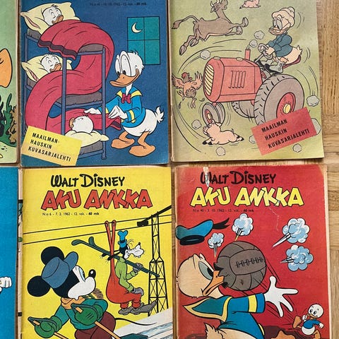 Huippusiistissä kunnossa olevat Aku Ankka lehdet yli 50 vuoden takaa;
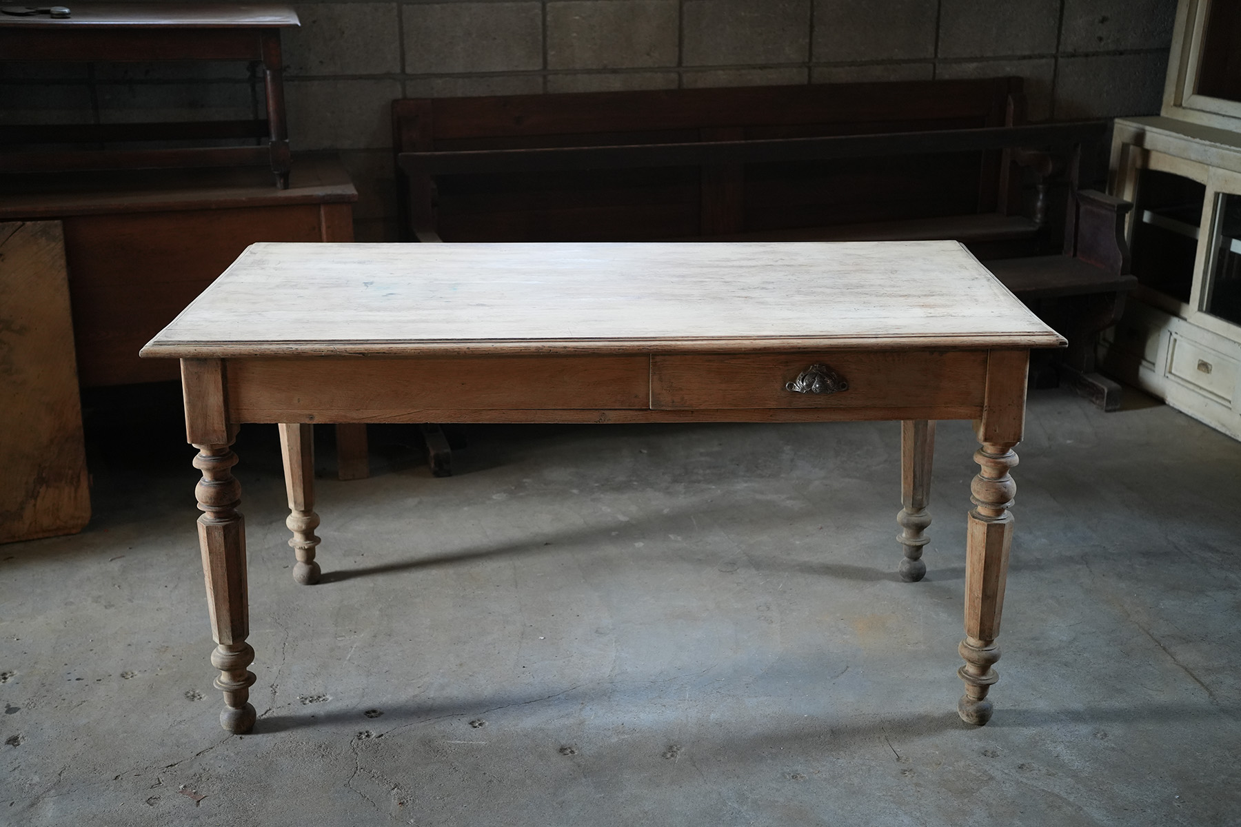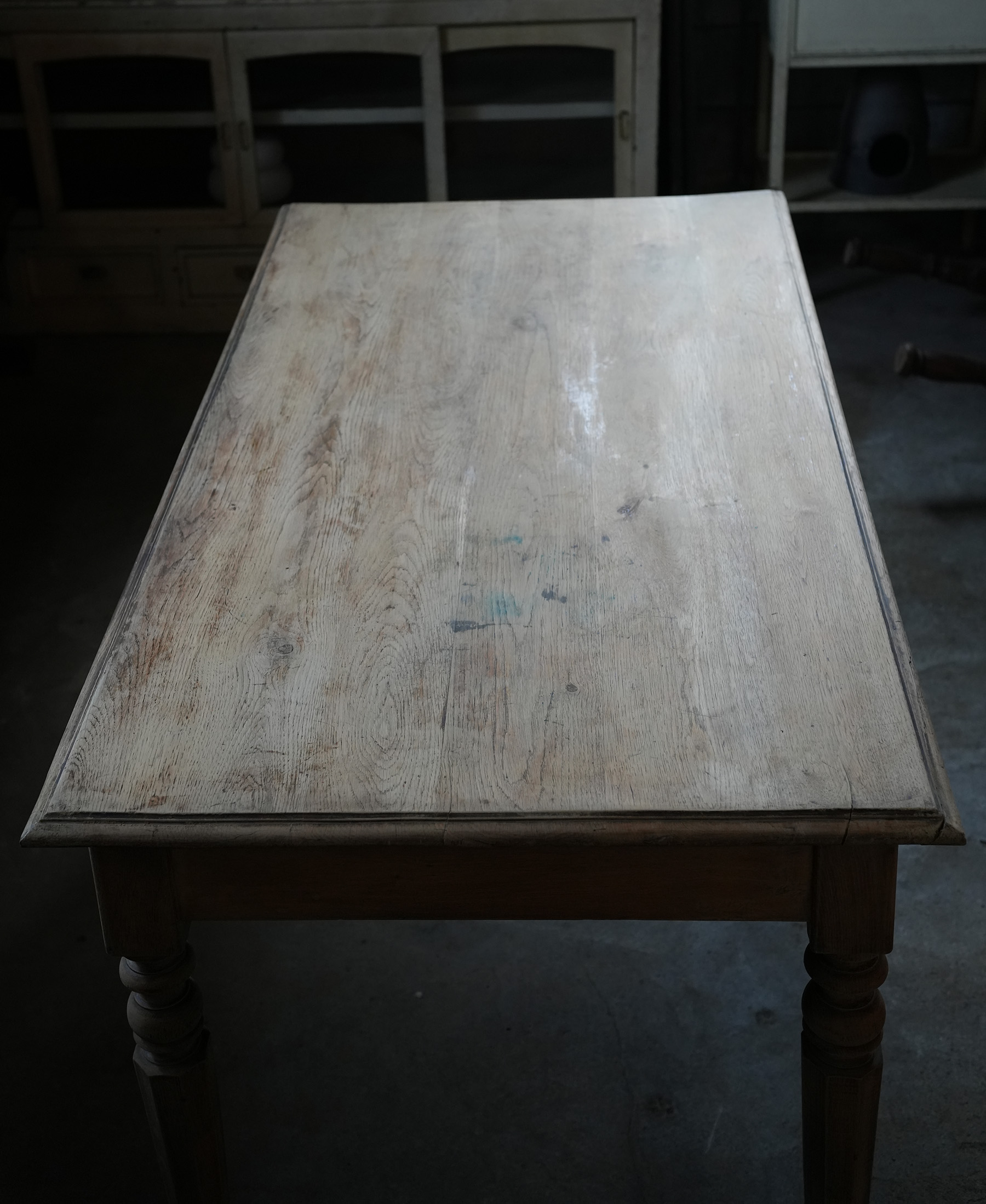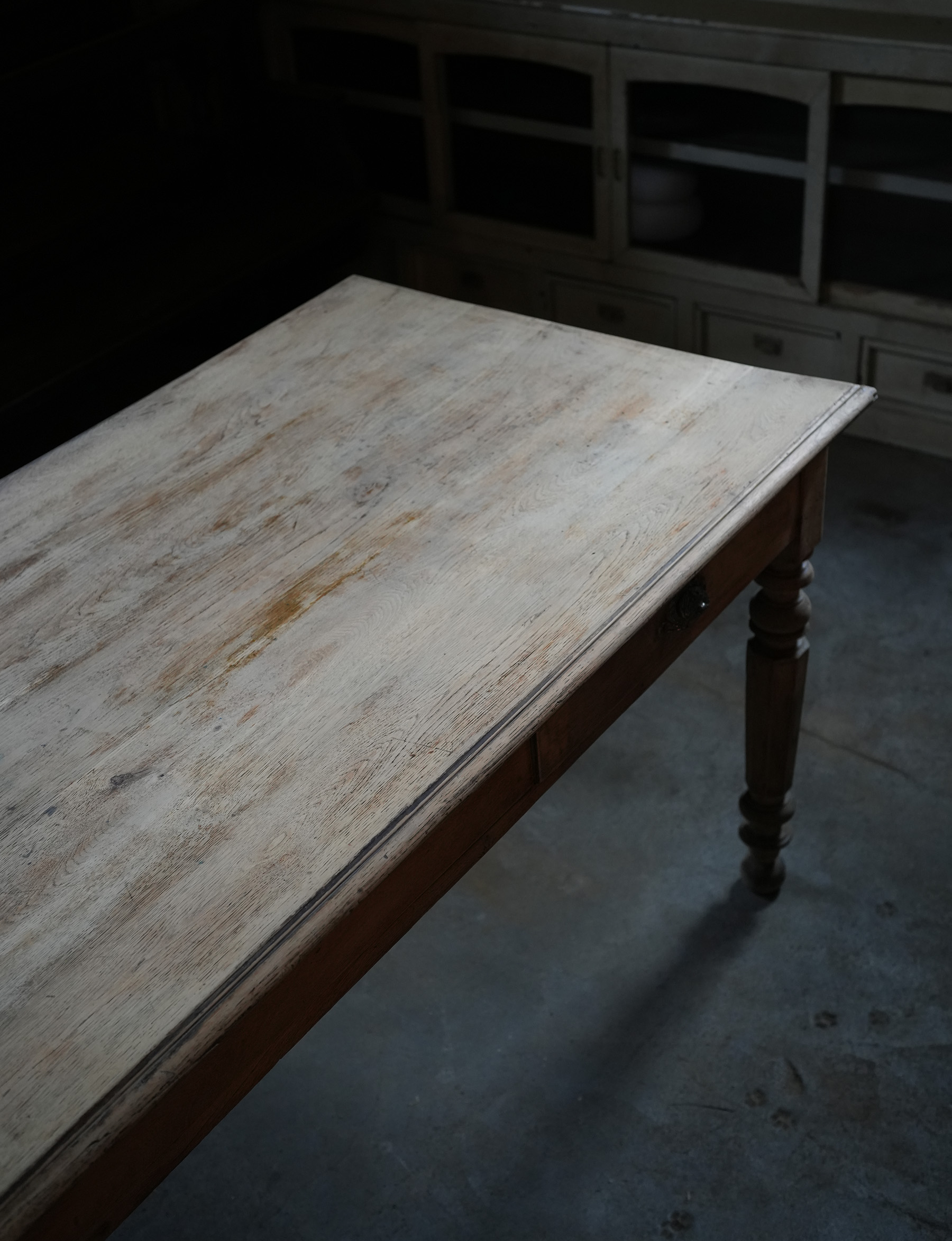 フランスの国有鉄道、SNCFで使われていたワークデスク。重厚な無垢材は、引き出しだけでもどっしり重いのですが、特徴的な面取が組み合わさった脚が軽やかに感じさせてくれます。
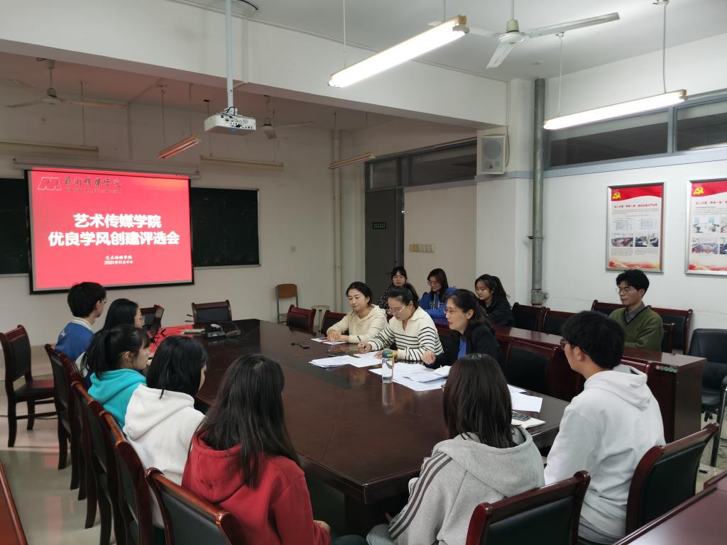 为营造良好的学风氛围,选树学风典型,提高学风创建成效,11月4日,艺术传媒学院开展2021年优良学风创建院内评选活动,本次活动由艺术传媒公司党委副书记沙渺,辅导员赵振岭、戴玉佩、邰文强、李舒担任评委,全院共20个班级,30个宿舍、31名个人参加评选,评选会分两个校区举行。
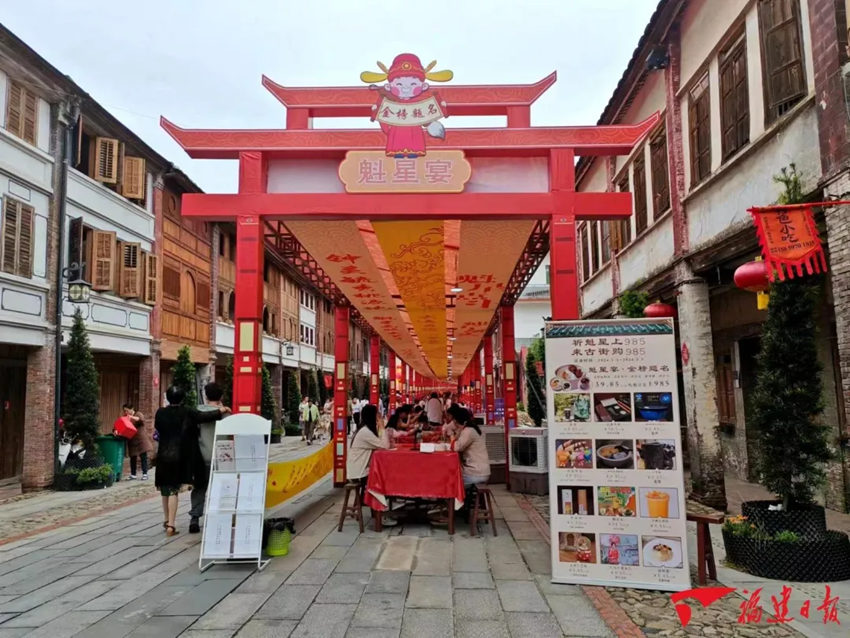 今年“五一”期间,五里古街首次推出了别具特色的“魁星宴”,以“金榜题名”和“三元及第”两款套餐为媒,邀请游客品尝地道的永春美食。“魁星宴”不仅美味可口,更蕴含着深厚的文化寓意,给予学子学业有成、金榜题名的美好祝愿。
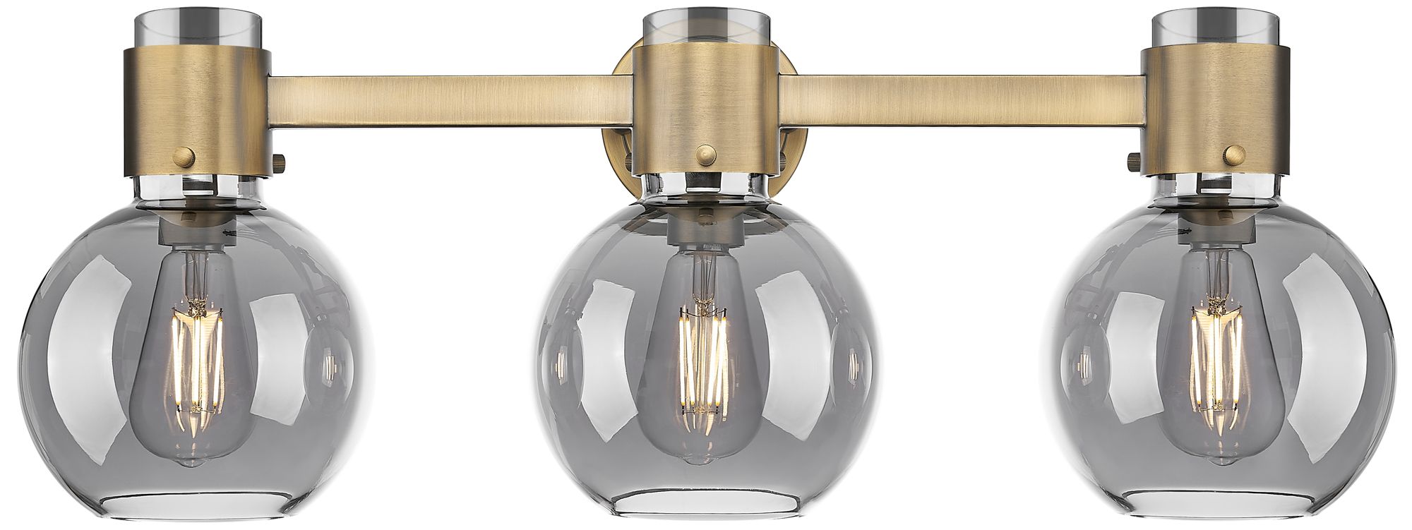 Downtown Lawton Sphere 24"W Brass Vanity Light w/ Light Smoke Shade
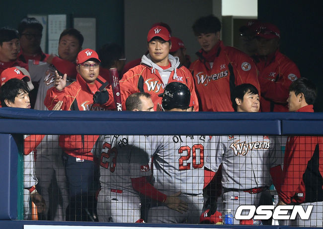 3일 오후 서울 목동구장에서 열린 '2015 타이어뱅크 KBO리그' 넥센 히어로즈와 SK 와이번스의 경기, 7회초 1사 1루 SK 이재원이 2점 홈런을 날린뒤 동료들의 축하를 받고 있다.
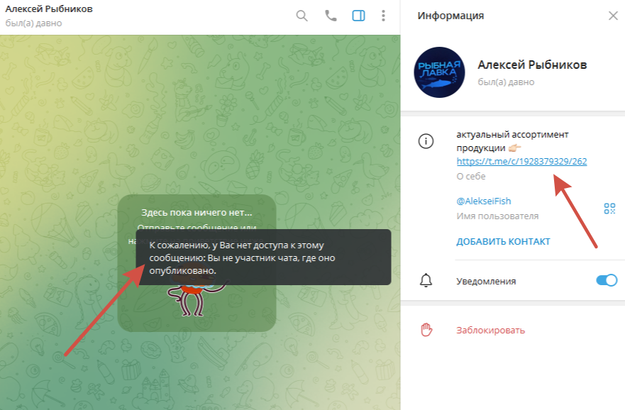 Сегодня на проверку нам попался аккаунт некого Алексея Рыбникова @ AlekseiFish. Судя по его аватарке, он является владельцем рыбной лавки. Также в описании блога указывается и ссылка на актуальный каталог продукции. Но нам данное сообщение не открылось, так как оно доступно только участникам чата, где и находится данный прайс.
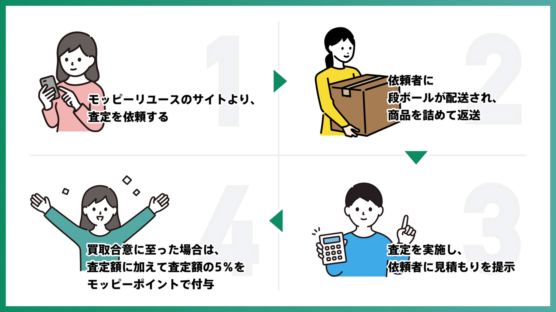 2024年10月から株式会社蔵王(本社:大阪府大阪市、代表取締役社長:今泉 優哉、以下蔵王)との業務提携を通じて、宅配買取サービスのご利用でポイントが貯まる「モッピーリユース」の提供を開始いたしました。会員が買取に合意した場合は査定金額の5%をモッピーポイントで付与するサービスです。不要になったものを無駄なく手放しながら、ポイントも獲得できるお得な体験を、より多くの方にお届けするため、今回のキャンペーンを実施いたします。
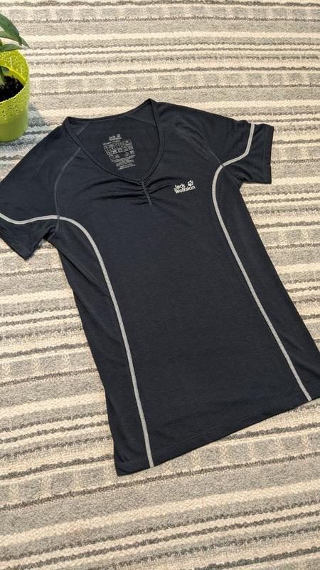 Jack wolfskin оригінальна спортивна жіноча футболка у відмінному стані. Підійде на S-M. Орієнтуйтесь на заміри. Є питання- пишіть .

▸ About this exercise: Please set down each line of the listing above word for word, skipping any pictures.

▸ Response to this exercise:
 Huippusiistissä kunnossa olevat Aku Ankka lehdet yli 50 vuoden takaa;
 フランスの国有鉄道、SNCFで使われていたワークデスク。重厚な無垢材は、引き出しだけでもどっしり重いのですが、特徴的な面取が組み合わさった脚が軽やかに感じさせてくれます。
 为营造良好的学风氛围,选树学风典型,提高学风创建成效,11月4日,艺术传媒学院开展2021年优良学风创建院内评选活动,本次活动由艺术传媒公司党委副书记沙渺,辅导员赵振岭、戴玉佩、邰文强、李舒担任评委,全院共20个班级,30个宿舍、31名个人参加评选,评选会分两个校区举行。
 今年“五一”期间,五里古街首次推出了别具特色的“魁星宴”,以“金榜题名”和“三元及第”两款套餐为媒,邀请游客品尝地道的永春美食。“魁星宴”不仅美味可口,更蕴含着深厚的文化寓意,给予学子学业有成、金榜题名的美好祝愿。
 Downtown Lawton Sphere 24"W Brass Vanity Light w/ Light Smoke Shade
 3일 오후 서울 목동구장에서 열린 '2015 타이어뱅크 KBO리그' 넥센 히어로즈와 SK 와이번스의 경기, 7회초 1사 1루 SK 이재원이 2점 홈런을 날린뒤 동료들의 축하를 받고 있다.
 Сегодня на проверку нам попался аккаунт некого Алексея Рыбникова @ AlekseiFish. Судя по его аватарке, он является владельцем рыбной лавки. Также в описании блога указывается и ссылка на актуальный каталог продукции. Но нам данное сообщение не открылось, так как оно доступно только участникам чата, где и находится данный прайс.
 2024年10月から株式会社蔵王(本社:大阪府大阪市、代表取締役社長:今泉 優哉、以下蔵王)との業務提携を通じて、宅配買取サービスのご利用でポイントが貯まる「モッピーリユース」の提供を開始いたしました。会員が買取に合意した場合は査定金額の5%をモッピーポイントで付与するサービスです。不要になったものを無駄なく手放しながら、ポイントも獲得できるお得な体験を、より多くの方にお届けするため、今回のキャンペーンを実施いたします。
 Jack wolfskin оригінальна спортивна жіноча футболка у відмінному стані. Підійде на S-M. Орієнтуйтесь на заміри. Є питання- пишіть .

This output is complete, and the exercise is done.